Task requirements —
Write again exactly the lines in the listing below, starting at the line with "Ngày 20/05/2019, đội" and ending at the line with "日前,陕西省勘察设计协会公布", both included. Pictures are not copied.

Entries shown —
——

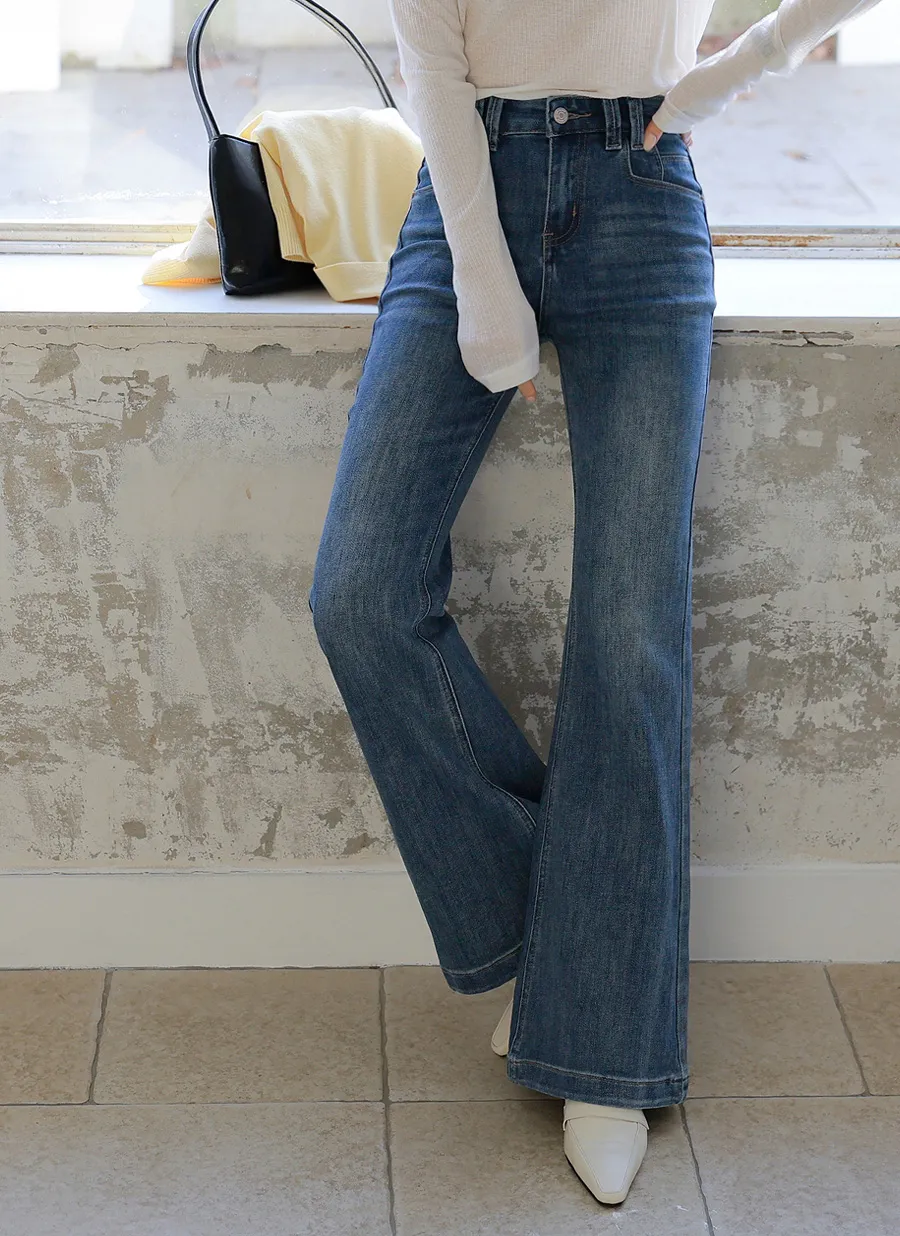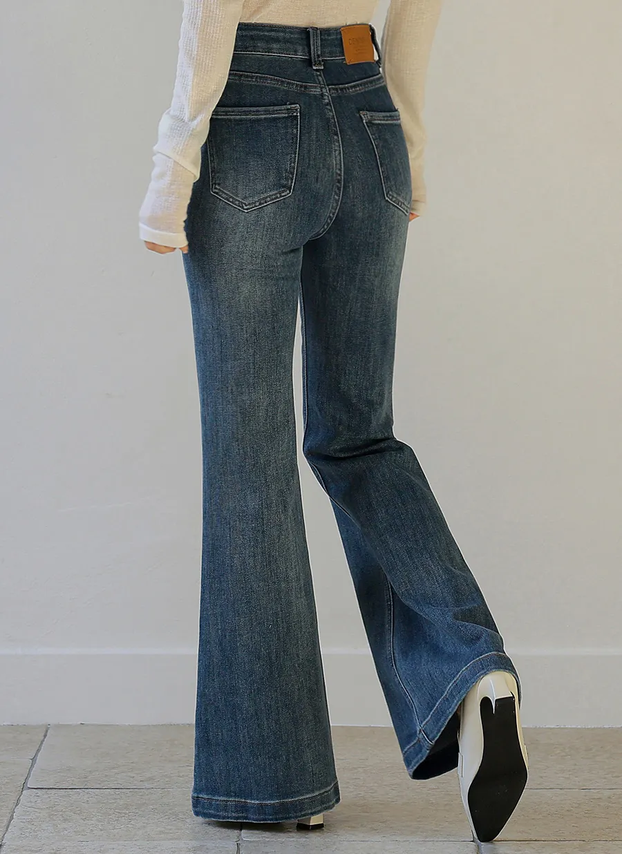 ストレッチデニムジップアップバックルウォッシングポケット骨盤パッドスリムロングフラップポケットリベットループバックポケットブーツカットライトブルーデニムパンツ
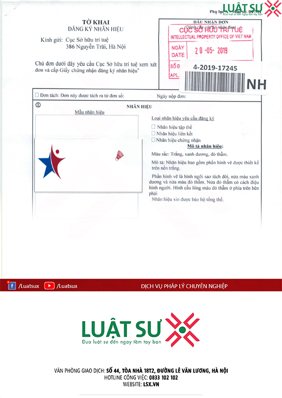 Ngày 20/05/2019, đội ngũ Chuyên viên pháp lý của LSX đã hoàn thiện hồ sơ xin đăng kí bảo hộ nhãn hiệu và gửi tới anh Thuận xác nhận nộp đơn hợp lệ do Cục sở hữu trí tuệ xác nhận. Nhãn hiệu của anh Thuận sẽ chính thức được bảo hộ sau thời gian quy định của pháp luật.
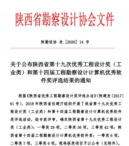 日前,陕西省勘察设计协会公布了陕西省第十九次优秀工程设计(工业类)奖和第十四届工程勘察设计计算机优秀软件奖评选结果,中交一公院共荣获17项奖励,其中:优秀工程设计(工业类)奖13项(一等4项、二等4项、三等5项),工程勘察设计计算机优秀软件奖4项(一、二等奖各2项)。
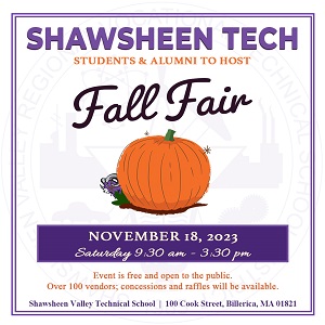 by Robert Hayes Posted on November 13, 2024November 14, 2024 Shawsheen Tech To Host Annual Fall Fair On November 23 Read More
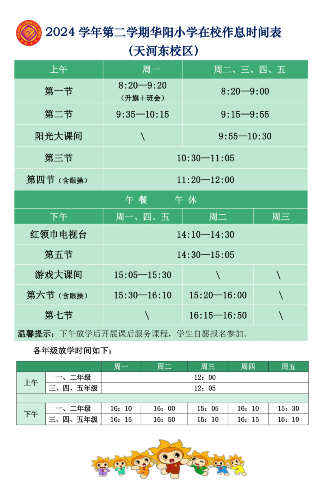 天河区华阳小学新学期作息表显示,该校周一至周五每天上午安排4节课,下午安排3节课;一二年级中午12:00放学,三至五年级12:05放学;周二至周五,学生每天上午有时长35分钟的“阳光大课间”,周一、四、五的下午,同学们还有时长25分钟的“游戏大课间”。
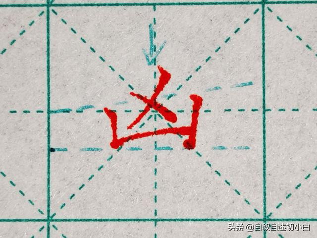 下包围结构的“凶”字,撇点交叉书写且靠近底部,注意竖画书写,左短右长、左低右高
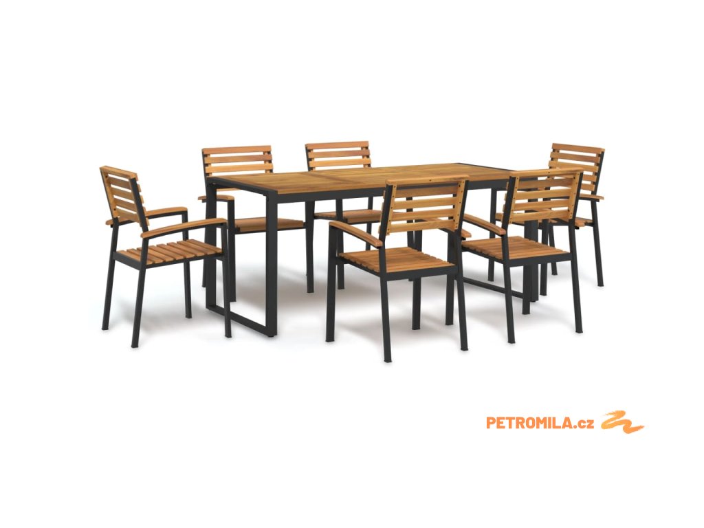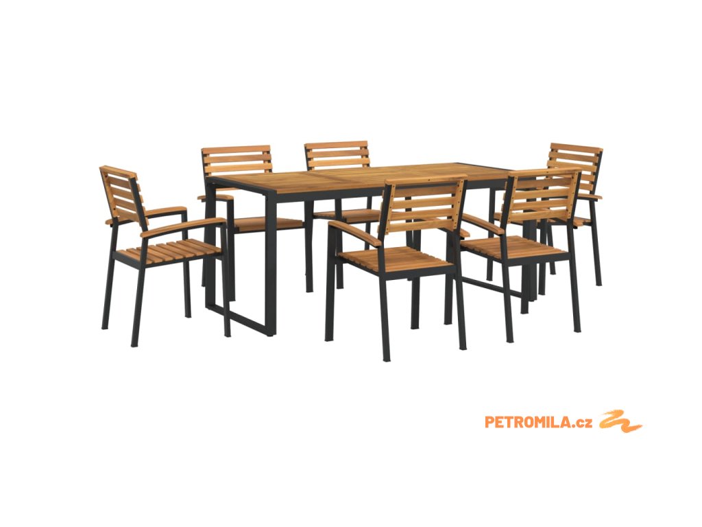 7dílný zahradní jídelní set masivní akáciové dřevo a kov

——

Worked solution —
 Ngày 20/05/2019, đội ngũ Chuyên viên pháp lý của LSX đã hoàn thiện hồ sơ xin đăng kí bảo hộ nhãn hiệu và gửi tới anh Thuận xác nhận nộp đơn hợp lệ do Cục sở hữu trí tuệ xác nhận. Nhãn hiệu của anh Thuận sẽ chính thức được bảo hộ sau thời gian quy định của pháp luật.
 日前,陕西省勘察设计协会公布了陕西省第十九次优秀工程设计(工业类)奖和第十四届工程勘察设计计算机优秀软件奖评选结果,中交一公院共荣获17项奖励,其中:优秀工程设计(工业类)奖13项(一等4项、二等4项、三等5项),工程勘察设计计算机优秀软件奖4项(一、二等奖各2项)。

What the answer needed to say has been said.